Shouldn't that be a goal in modern Perl 5 too? I stress it more: I'm not suggesting UTF-8 as the default character set for core Perl, I suggest the possibility to trigger it with a snap for those who develop new projects.

Another example, but with a more negative tone. Frameworks should make development easier. Some years ago, I tried web frameworks, but just threw them away because "enabling UTF-8" was so obscure. I did not find how and where to hook Unicode support. It was so time-consuming that I found it easier to go the old way. Now I saw here there was a bounty to deal with the same problem with Mason 2: How to make Mason2 UTF-8 clean?. So, it is pretty new framework, but using it with UTF-8 needs deep knowledge of its internals. It is like a big red sign: STOP, don't use me!

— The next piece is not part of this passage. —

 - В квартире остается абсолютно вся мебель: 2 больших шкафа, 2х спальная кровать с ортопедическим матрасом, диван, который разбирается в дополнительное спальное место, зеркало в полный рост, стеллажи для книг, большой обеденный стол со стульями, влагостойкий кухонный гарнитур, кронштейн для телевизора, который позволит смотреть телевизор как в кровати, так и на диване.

I really like Perl. But dealing with Unicode is painful. I still find myself running against walls. Some way tchrist is right and answers my questions: new projects don't attract UTF-8 because it is too complicated in Perl 5.

This question is related to perl unicode utf-8

The answer is


I think you misunderstand Unicode and its relationship to Perl. No matter which way you store data, Unicode, ISO-8859-1, or many other things, your program has to know how to interpret the bytes it gets as input (decoding) and how to represent the information it wants to output (encoding). Get that interpretation wrong and you garble the data. There isn't some magic default setup inside your program that's going to tell the stuff outside your program how to act.

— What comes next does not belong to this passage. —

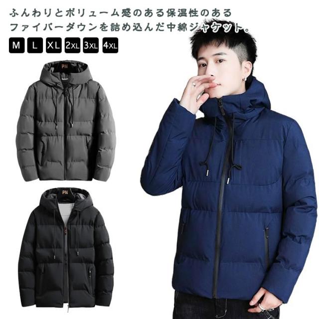 メンズ 中綿ダウン 中綿ジャケット 防寒 防風 ショート丈 中綿 ブルゾン ファイバーダウン フード付き 通学 保温 軽量 ジャケット 暖かい アウター カジュアル 通勤 中綿 おしゃれ 秋冬 冬服 冬物

You think it's hard, most likely, because you are used to everything being ASCII. Everything you should have been thinking about was simply ignored by the programming language and all of the things it had to interact with. If everything used nothing but UTF-8 and you had no choice, then UTF-8 would be just as easy. But not everything does use UTF-8. For instance, you don't want your input handle to think that it's getting UTF-8 octets unless it actually is, and you don't want your output handles to be UTF-8 if the thing reading from them can't handle UTF-8. Perl has no way to know those things. That's why you are the programmer.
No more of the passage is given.